Similarly U.S. Pat. No. 6,633,901 to Zuili discloses a flat network architecture facilitates direct connections between nodes so that information may be retrieved more efficiently. Agent software is loaded on each participating node that is sufficiently intelligent to share and relay information appropriately in accordance with user requests.

U.S. Patent Publication No 20080119290, discloses a remote console server that is configured to digitize an analog signal from the game console, wherein information sent across the Internet by using digital signals must be converted to digital signals.

The prior arts described above fail to describe recovery of High-Definition Multimedia Interface (HDMI) signals. The researchers and founders of the HDMI copy protection are Philips, Toshiba, Hitachi, Matsushita Electric Industrial, Silicon Image, Sony, Technicolor SA. High-bandwidth Digital Content Protection (HDCP) has been developed by Intel Corporation. HDCP prevents copying of digital audio and video content as it travels across DisplayPort, Digital Visual Interface (DVI), High-Definition Multimedia Interface (HDMI), Gigabit Video Interface (GVIF), or Unified Display Interface (UDI) connections. None of the prior arts recover an HDMI signal, dynamic HDCP keys, share the audio/video content among the peer without relying on a central server, and send back data received from the remote device to another device in order to control the audio/video content.

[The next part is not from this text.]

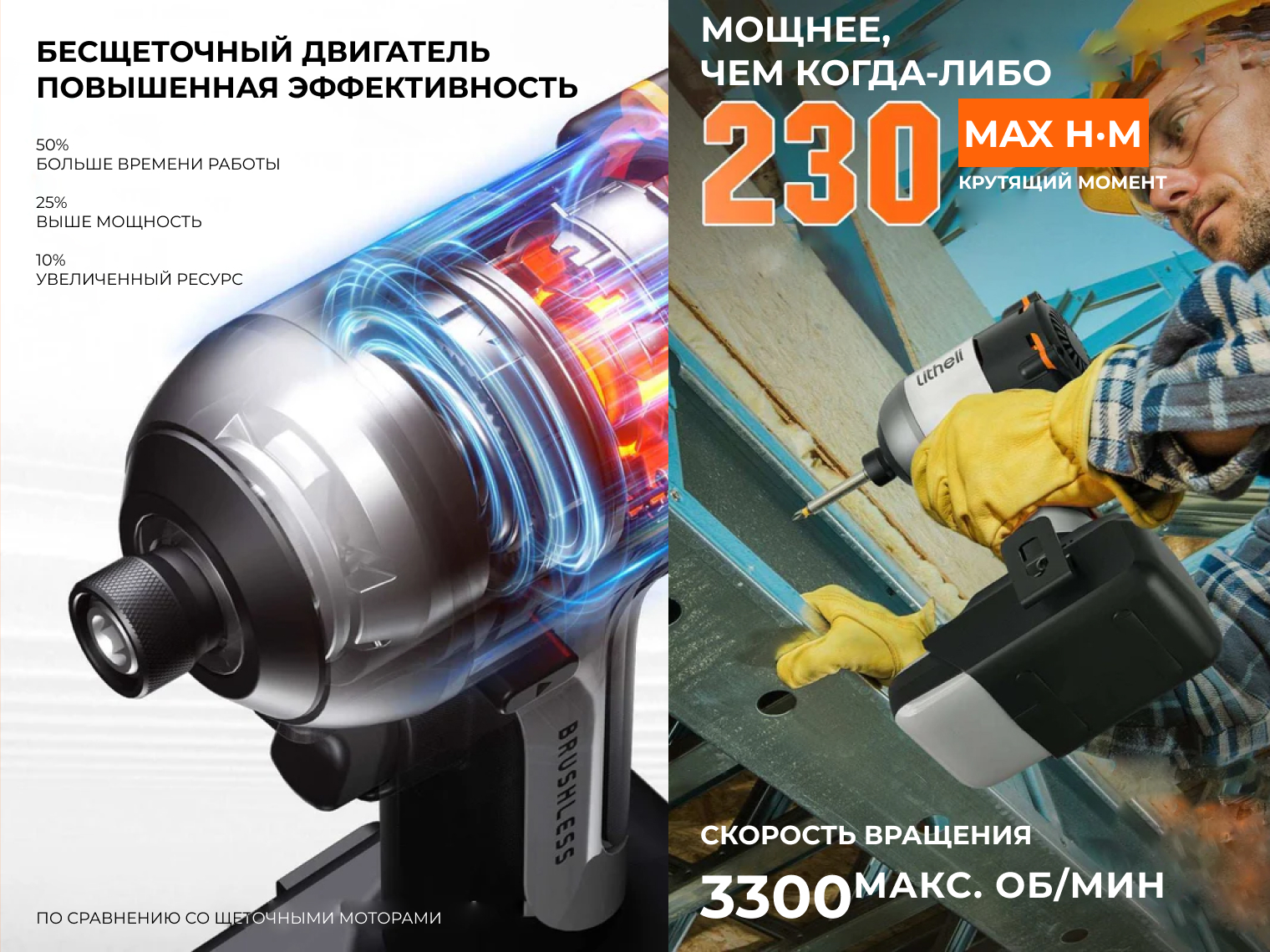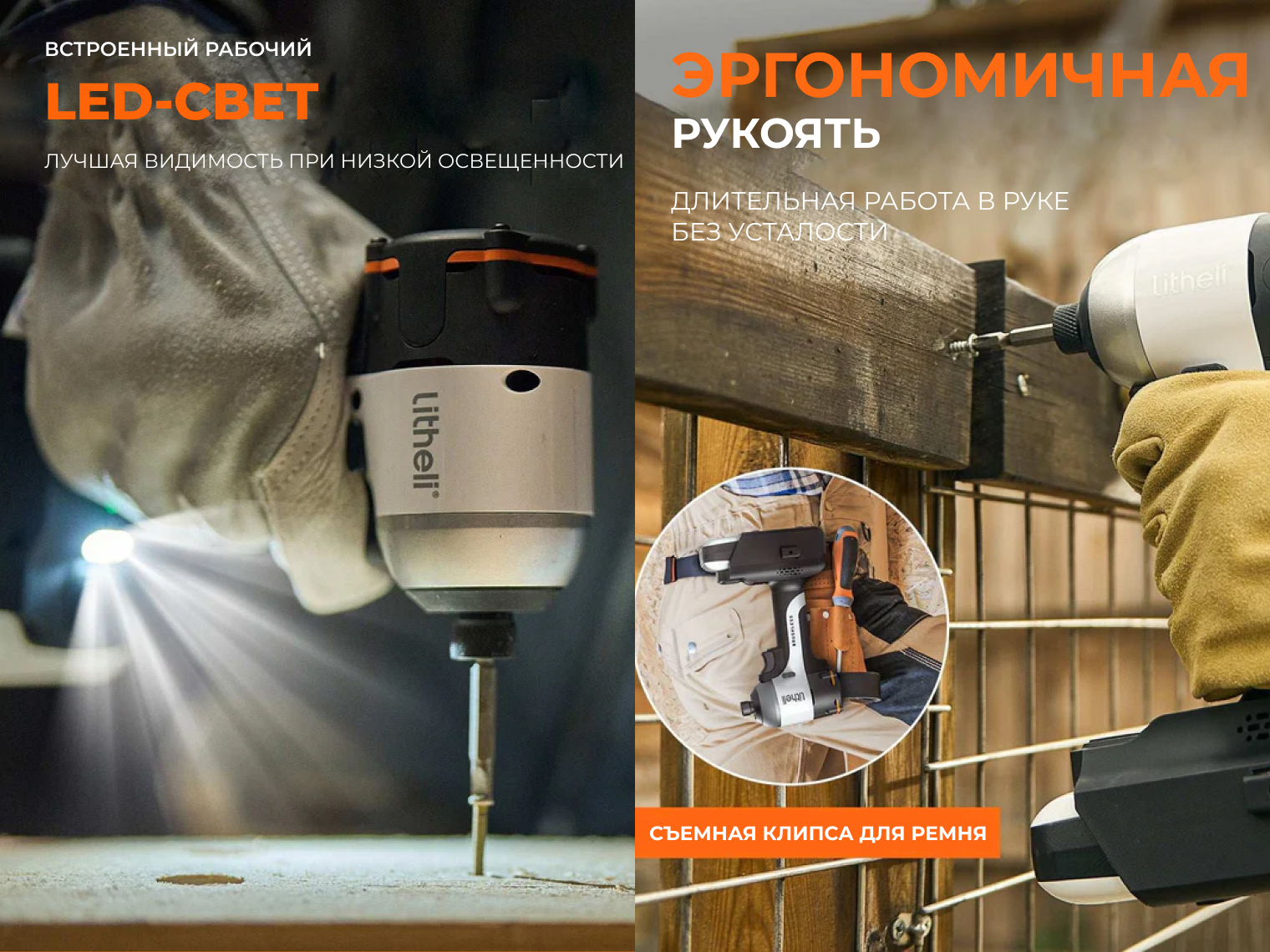 Аккумуляторный винтоверт Litheli U20 предназначен для работ с крупным крепежом, сборки деревянных каркасов и монтажа металлических профилей. Импульсный механизм направляет усилие непосредственно на шлиц самореза, что предотвращает «слизывание» шляпок и снимает нагрузку с вашей кисти.

Therefore, the present scenario is necessitating the need for a new system and method capable of overcoming disadvantages inherent in the prior arts and providing an effective means to recover the HDMI signal, dynamic HDCP keys, share the audio/video content among the peer without relying on a central server, and send back data received from the remote device to another device in order to control the audio/video content.

SUMMARY OF THE INVENTION

In view of the foregoing disadvantages inherent in the prior arts, the general purpose of the present invention is to provide an improved combination of convenience and utility, to include the advantages of the prior art, and to overcome the drawbacks inherent in the prior art.

In one aspect, the present invention generally provides system and method for networking and communication between devices in a network environment, and more particularly to system and methods for rendering content from a first device to a second device in a network environment.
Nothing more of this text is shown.